Old Arabi Historic Districts

Arabi, LA 70032

The area known as Old Arabi is made up of two historic districts: The Old Arabi Historic District, 150 acres bordering Jackson Barracks and the Mississippi River including parts of Mehle, Angela, and Esteban Streets, and the Friscoville Street Historic District, 160 acres from the 100-900 blocks of Friscoville. Old Arabi was named one of America's Prettiest Painted places in a 2012 nationwide search conducted by the Paint Quality Institute of America for the stunning use of color on the area's elaborate historical homes and buildings.

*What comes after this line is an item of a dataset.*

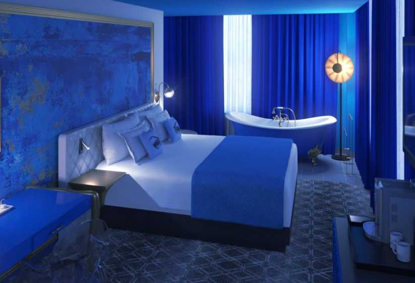 根據(jù)酒店本身的功能與主題性設(shè)計,客房室內(nèi)色彩設(shè)計還會有更多的變化。一個整體的酒店客房空間當中需要分隔出不同的功能區(qū),使住戶明確客房的每一部分有著怎樣的具體功能。因此,顏色的不同應(yīng)用可以使得不同功能的空間被很好地分隔開來。在洗漱區(qū)域,設(shè)計者可以采用暗色調(diào)的色彩,使整體空間構(gòu)造出私密性的心理感受。而在房間內(nèi)的休閑區(qū)則可以采用較為明亮的色彩,使得住戶能夠在這一區(qū)域有更多放松的心理感受。在主臥區(qū)域則應(yīng)當選用較為舒緩沉靜的色彩,使用戶在這一區(qū)域內(nèi)能夠很好地放松身心,得到良好的休息。

Arabi developed in the late-nineteenth century from former plantation lands and essentially was an adjunct to New Orleans. It traces its origins to the location of major stockyards there in the 1870s after they had been banned within the New Orleans city limits. These no-longer-surviving facilities were located on a wide railroad-industrial corridor, which is now a trucking corridor, separating the two historic districts in Arabi. Then in 1906, the American Sugar Refinery was built which is still operational as Domino Sugar Refinery today. The St. Bernard Voice newspaper was founded in Old Arabi in 1890, and in 1906 a post office was built; both remain operational.

Contributing architectural elements mainly date from the 1880s through the 1920s, although there are a handful of small houses from the 1930's and 1940's. Styles include Italianate, Eastlake, Colonial Revival and Bungalow, with the most typical house being highly styled shotguns. Other historic structures in Old Arabi include the First Ward Justice Courthouse/Old Arabi Jail built in 1911.

The St. Bernard Parish Visitor Center is located in Old Arabi as well as the sugar museum, planetarium, children's science center, and the site of a proposed wetland's museum.